Having to wear a surgical boot because Davos had a lame leg, Bramble goes all out in assuming this identity, finding fortune in the fact neither Rommel nor his number two, Lieutenant Schwegler (Peter van Eyck) had met Davos, making his ruse easier. However, when some British officers are captured, one of them did know Davos, but Bramble is able to get him onside to explain and they hatch a plan together to take advantage of Bramble’s deceit.

Elsewhere, Mouche has a younger brother in a concentration camp and hopes to use her womanly charms on Rommel to secure his freedom, since every male at the hotel is hoping to end their drought of no female company. With Rommel not biting, Mouche instead tries her luck with Schwegler who has been hitting on her since he arrived, and of course complies. But don’t read this as Mouche being a loose woman, this is about her exploiting a male weakness, not Mouche defiling her own integrity.

Something that is fascinating about films of this period, even in Hollywood, is the way the Nazis are portrayed as more human than we knew them to be. Rommel isn’t shown as a heartless monster but a proud albeit indoctrinated general.

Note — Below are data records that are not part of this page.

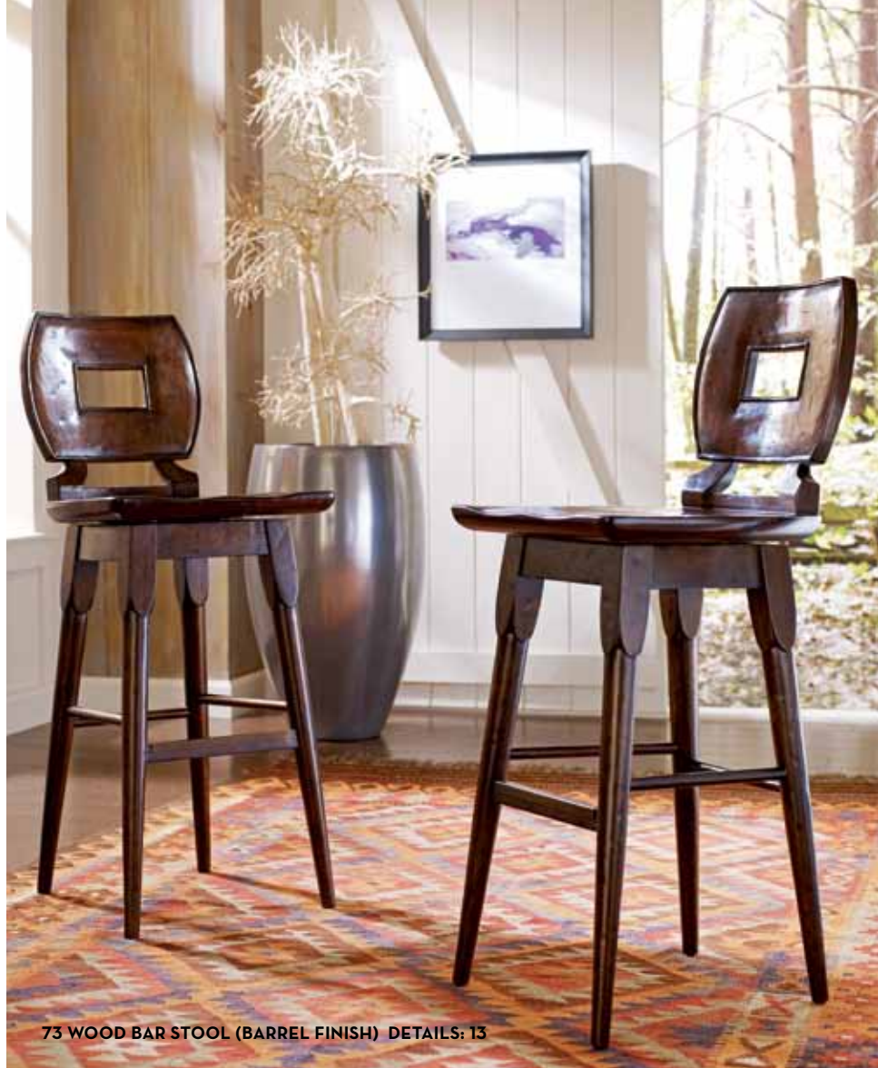
73 WOOD BAR STOOL (BARREL FINISH) DETAILS: 13
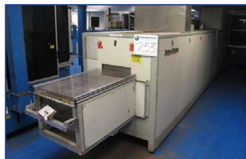
Sierra Therm 7K15-112C98-LIR Furnace
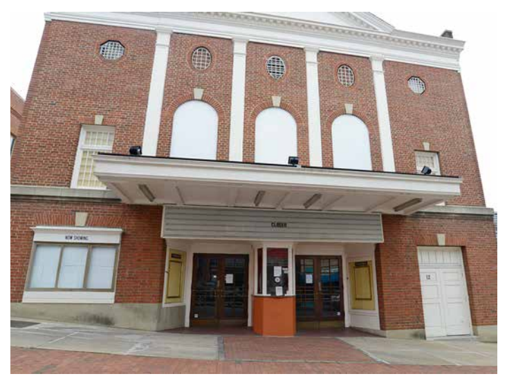
The State Theatre, and many businesses in Lexington, remain closed.

this," said Logan. Restaurants, she noted, operate on thin margins in the best of times, and business this spring has been grim. The Palms, a Lexington fixture since 1975, has temporarily closed, and many of the other spots popular with cadets, such as Pure Eats and Macado's, are doing the best they can to hold on via a carryout menu. The Southern Inn, with its classic neon sign marking its place on the
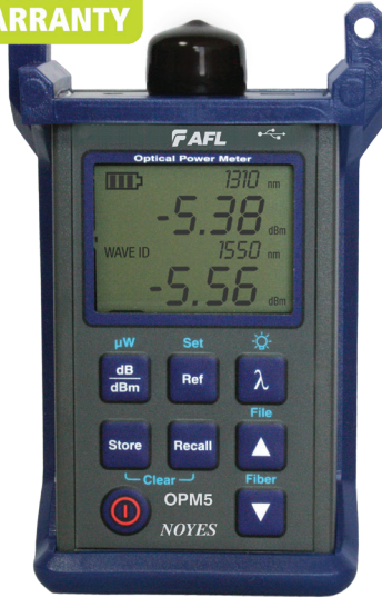
OPM5 Optical Power Meter

When the British officers are captured, Rommel treats them to lunch and even allows them 20 questions to learn about his victories – a hubristic act for sure, but Rommel is in control of his answers, or so he thought.

Limiting the locations to the hotel for the bulk of the film, Wilder is able to create plenty of tension and suspense within this relatively small space, although some suspension of disbelief is required in how Bramble can operate and not be caught. As a reminder this is wartime, an air raid late in the film provide some visceral excitement by way of setting up a brief foray into espionage-esque action.

Putting aside the fact the whole cast speak English, Wilder’s knack for getting the right performance out of his actors is already place here. Franchot Tone is a strong lead but contends with the incendiary presence of Anne Baxter, the pathos of Akim Tamiroff, and the inimitable Eric von Stroheim, this impressive collective making the sum greater than its parts.

Just as we find with music acts who break through with their third album only to retro actively find the genesis of this success in the first two overlooked albums, the same can be said for Billy Wilder. Double Indemnity might have put him on the map as a director but much of its DNA is found in Five Graves To Cairo, in another case of a “lesser “Wilder film proving more valuable than it first appears.